Wissenschaftler der Nationalen Autonomen Universität Mexikos (UNAM) untersuchen die potenziellen Gesundheitsrisiken von Schwefelwasserstoffgas, das während der Zersetzung von Meeresalgen entlang der Küstengebiete in Quintana Roo freigesetzt wird. Die Studie konzentriert sich auf Bewohner, die in der Nähe von Stränden leben, wo sich große Ansammlungen von Meeresalgen versammelt haben, was Bedenken hinsichtlich der langfristigen Exposition gegenüber dem giftigen Gas aufwirft. Die Forschung begann mit der Beurteilung der gesundheitlichen Auswirkungen auf Arbeiter, die Meeresalgen manuell von den Küsten in Puerto Morelos, Playa del Carmen und Mahahual entfernen. Diese Personen waren hohen Mengen an Schwefelwasserstoff ausgesetzt, was mit Atemwegserkrankungen und anderen Gesundheitsproblemen in Verbindung gebracht wurde.
Nun erweitern Wissenschaftler ihre Untersuchungen um die nahe gelegenen Gemeinden, um festzustellen, wie weit sich das Gas ausbreitet und wie es sich auf Nichtarbeiter auswirkt, die in der Nähe dieser Ansammlungszonen leben. Rosa Rodríguez, Forscherin am Institut für Meereswissenschaften und Limnologie (ICMyL) der Puerto Morelos-Einheit der UNAM, erklärte, dass bereits neun feste Sensoren in Wohngebieten in der Nähe der Küste installiert wurden, um die Gaskonzentration zu überwachen.
Rodríguez stellte fest, dass frühere Studien in Martinica darauf hindeuten, dass Schwefelwasserstoff bis zu zwei Kilometer von der Küste entfernt sein kann. In Quintana Roo befinden sich jedoch einige Häuser nur 40 Meter von Algenansammlungsstellen entfernt, was Bedenken hinsichtlich einer erhöhten Exposition in diesem Jahr aufgrund höherer Mengen an Algen auslöst. Die Forscher überwachen, ob die Gaskonzentrationen ähnlich gestiegen sind.
Der Zugang zu Stränden und zum Ozean ist auch in Regionen, in denen sich Algen stark ansammeln, eine Herausforderung geworden. Diese Phase der Studie ist Teil einer größeren Initiative, die von der kanadischen Regierung über die Universität Victoria finanziert und in Zusammenarbeit mit der Universität São Paulo in Brasilien durchgeführt wird. Sie baut auf früheren Untersuchungen auf, die in Martinique und anderen französischen karibischen Inseln durchgeführt wurden, wo ähnliche Gesundheitsprobleme bei Bevölkerungen beobachtet wurden, die in der Nähe von Algenlagerstätten leben. In Martinique verglichen die Forscher zwei Gruppen: eine in Gebieten mit regelmäßiger Ansammlung von Algen und eine andere in weniger betroffenen Zonen.
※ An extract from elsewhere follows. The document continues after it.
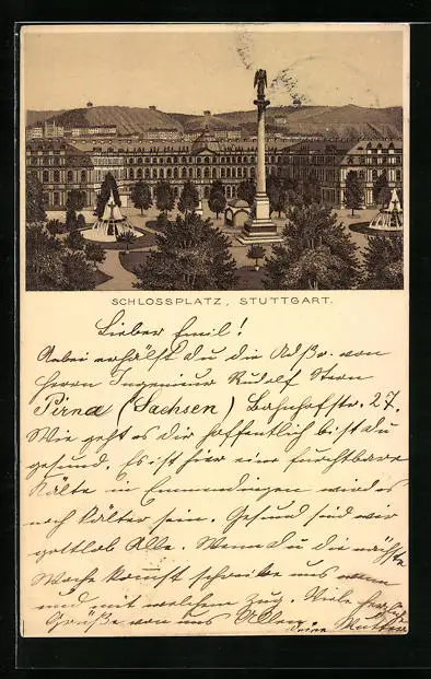 Lithographie Stuttgart, Schlossplatz mit Denkmal und Springbrunnen
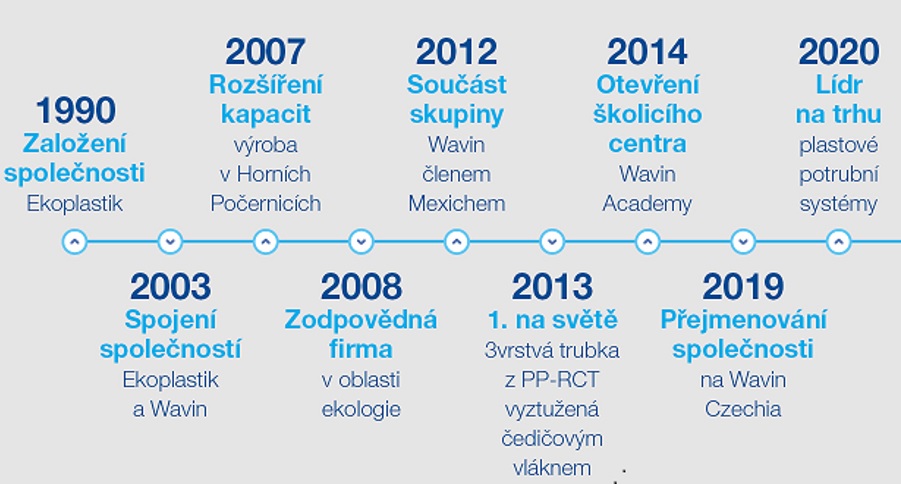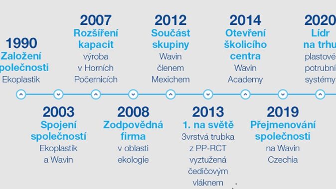 „Právě díky spojení s firmou Wavin, jejíž historie sahá až do roku 1955, došlo k výrazné expanzi společnosti Ekoplastik, která se přejmenovala na Wavin Ekoplastik. V sídle firmy v Kostelci nad Labem byl zahájen vývoj a následně i výroba trubek a tvarovek z polypropylenu nové generace, PP-RCT, které se velmi rychle ujaly na českém i zahraničním trhu,“ popisuje Krzysztof Bocek, ředitel společnosti. Dalším významným milníkem historie firmy byl rok 2012, kdy se firma stala součástí mezinárodní skupiny Mexichem. V roce 2019 skupina změnila název na Orbia, ke stejnému datu se pak firma přejmenovala na Wavin Czechia.

Medizinische Aufzeichnungen zeigten eine Zunahme bestimmter Symptome, insbesondere der Atemwege, neurologischer und gastrointestinaler, in der Gruppe, die einem höheren Gehalt an Schwefelwasserstoff ausgesetzt war. Dieser Befund unterstreicht die Notwendigkeit weiterer Untersuchungen der langfristigen gesundheitlichen Auswirkungen für die Bewohner von Quintana Roo. Rodríguez betonte, dass sich die anfänglichen Studien zwar auf Arbeiter konzentrierten, die mit Seetang umgehen, die aktuelle Phase jedoch darauf abzielt, die breiteren Auswirkungen auf die öffentliche Gesundheit zu verstehen. Sie hob hervor, dass viele Bewohner in der Nähe von Ansammlungsstellen leben und eine längere Exposition erfahren können, auch wenn sie nicht direkt an Aktivitäten zur Entfernung von Seetang beteiligt sind.
Das Ziel ist es, sichere Schwellenwerte für die Gaskonzentration festzulegen und gefährdete Bevölkerungsgruppen zu identifizieren. Die Installation neuer Sensoren wird fortgesetzt, mit Plänen, das Netzwerk auf mehr Standorte auszuweiten. Die Wissenschaftler hoffen, umfassende Daten zu sammeln, die die öffentliche Gesundheitspolitik informieren und die Bemühungen zur Minderung der mit der Zersetzung von Meeresalgen verbundenen Risiken leiten.